WHAT THIS TASK INVOLVES: Reproduce, exactly and in full, the lines from the one with "更換上市面上任何品牌的大型雲台, 部分大型雲台為3/8螺絲孔, 只需搭配2轉3螺絲就可以輕鬆安裝上T2主體了~" through the one with "وأخرج أحمد عن" in the data below; drop pictures.

SUPPLIED DATA:
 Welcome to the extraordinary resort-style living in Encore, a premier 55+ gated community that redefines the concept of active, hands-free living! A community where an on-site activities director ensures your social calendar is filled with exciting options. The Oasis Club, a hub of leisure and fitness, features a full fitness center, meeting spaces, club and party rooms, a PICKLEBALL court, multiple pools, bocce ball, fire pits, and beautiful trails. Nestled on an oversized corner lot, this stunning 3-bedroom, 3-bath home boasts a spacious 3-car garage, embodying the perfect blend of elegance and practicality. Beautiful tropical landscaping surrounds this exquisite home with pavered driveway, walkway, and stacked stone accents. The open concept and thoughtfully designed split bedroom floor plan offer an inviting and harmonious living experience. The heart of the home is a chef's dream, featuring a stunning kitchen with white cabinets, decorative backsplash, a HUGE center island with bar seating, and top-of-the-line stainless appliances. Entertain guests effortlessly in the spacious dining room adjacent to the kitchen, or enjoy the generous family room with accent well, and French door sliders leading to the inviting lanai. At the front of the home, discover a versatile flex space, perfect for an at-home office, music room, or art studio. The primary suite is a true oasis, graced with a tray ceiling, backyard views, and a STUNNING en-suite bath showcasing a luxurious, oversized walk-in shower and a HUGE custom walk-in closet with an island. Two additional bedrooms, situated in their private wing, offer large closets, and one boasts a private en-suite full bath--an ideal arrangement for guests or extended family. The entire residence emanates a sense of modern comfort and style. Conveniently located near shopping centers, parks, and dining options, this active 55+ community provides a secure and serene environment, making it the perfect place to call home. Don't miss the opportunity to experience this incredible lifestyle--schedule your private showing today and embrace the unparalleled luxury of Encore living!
==
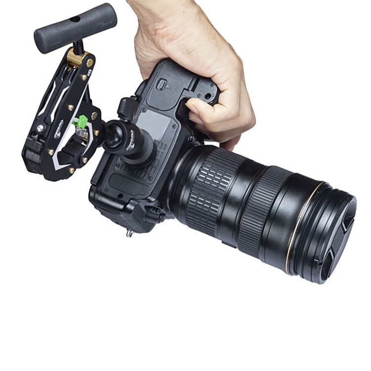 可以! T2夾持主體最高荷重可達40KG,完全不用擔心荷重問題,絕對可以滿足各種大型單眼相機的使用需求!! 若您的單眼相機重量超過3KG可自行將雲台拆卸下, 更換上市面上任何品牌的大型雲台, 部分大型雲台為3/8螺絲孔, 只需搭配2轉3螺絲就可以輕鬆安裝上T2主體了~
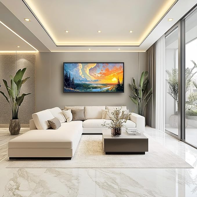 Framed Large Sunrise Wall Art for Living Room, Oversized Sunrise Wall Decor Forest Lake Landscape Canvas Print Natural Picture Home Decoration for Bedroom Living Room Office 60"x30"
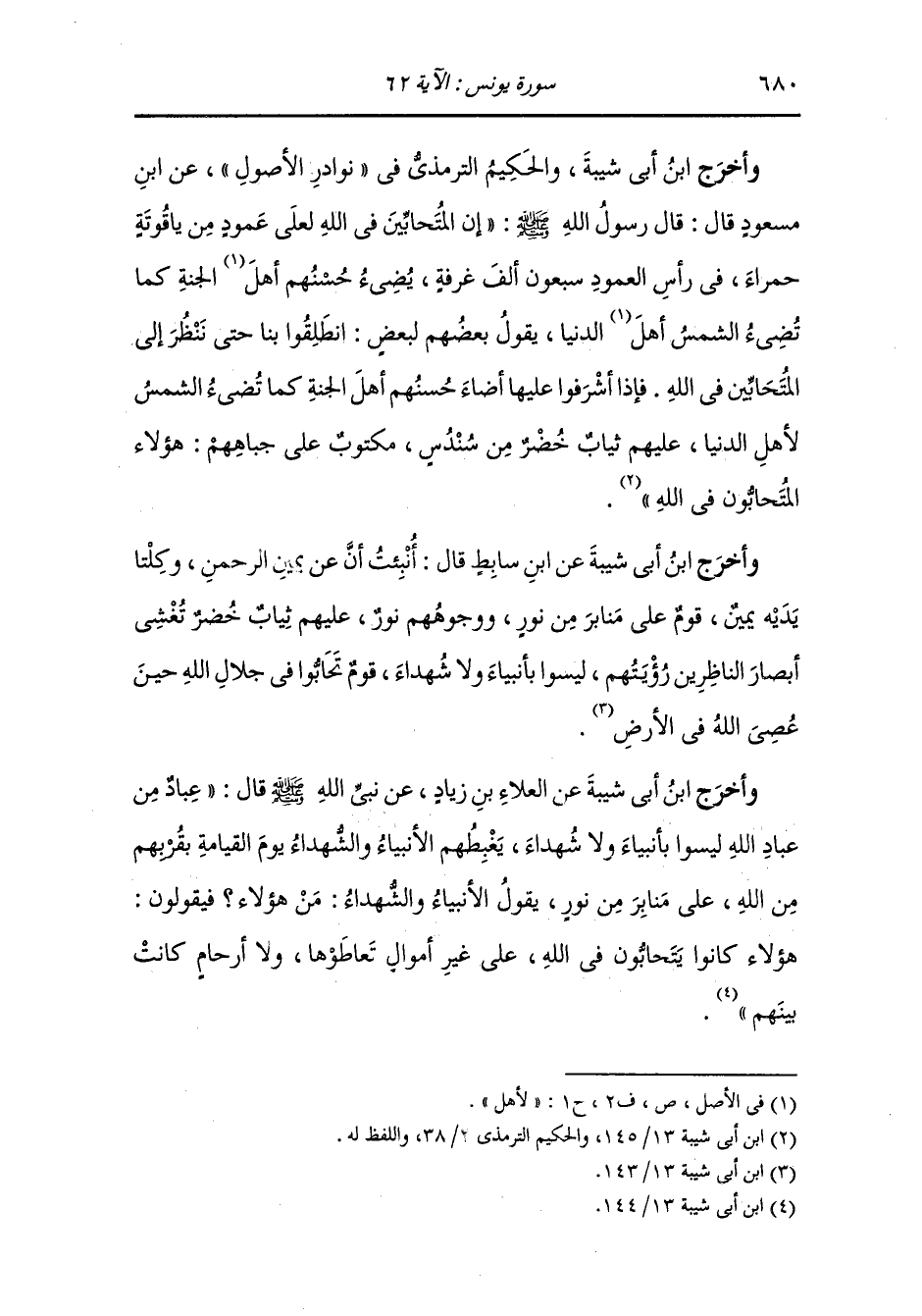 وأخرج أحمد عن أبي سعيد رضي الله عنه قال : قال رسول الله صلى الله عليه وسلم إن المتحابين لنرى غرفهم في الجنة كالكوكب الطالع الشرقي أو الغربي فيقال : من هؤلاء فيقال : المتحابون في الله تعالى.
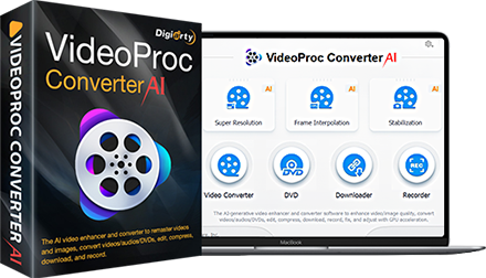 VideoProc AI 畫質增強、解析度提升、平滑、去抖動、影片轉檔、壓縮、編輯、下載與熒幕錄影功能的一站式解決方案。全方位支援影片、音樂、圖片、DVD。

RESPONSE TO THE TASK:
 可以! T2夾持主體最高荷重可達40KG,完全不用擔心荷重問題,絕對可以滿足各種大型單眼相機的使用需求!! 若您的單眼相機重量超過3KG可自行將雲台拆卸下, 更換上市面上任何品牌的大型雲台, 部分大型雲台為3/8螺絲孔, 只需搭配2轉3螺絲就可以輕鬆安裝上T2主體了~
 Framed Large Sunrise Wall Art for Living Room, Oversized Sunrise Wall Decor Forest Lake Landscape Canvas Print Natural Picture Home Decoration for Bedroom Living Room Office 60"x30"
 وأخرج أحمد عن أبي سعيد رضي الله عنه قال : قال رسول الله صلى الله عليه وسلم إن المتحابين لنرى غرفهم في الجنة كالكوكب الطالع الشرقي أو الغربي فيقال : من هؤلاء فيقال : المتحابون في الله تعالى.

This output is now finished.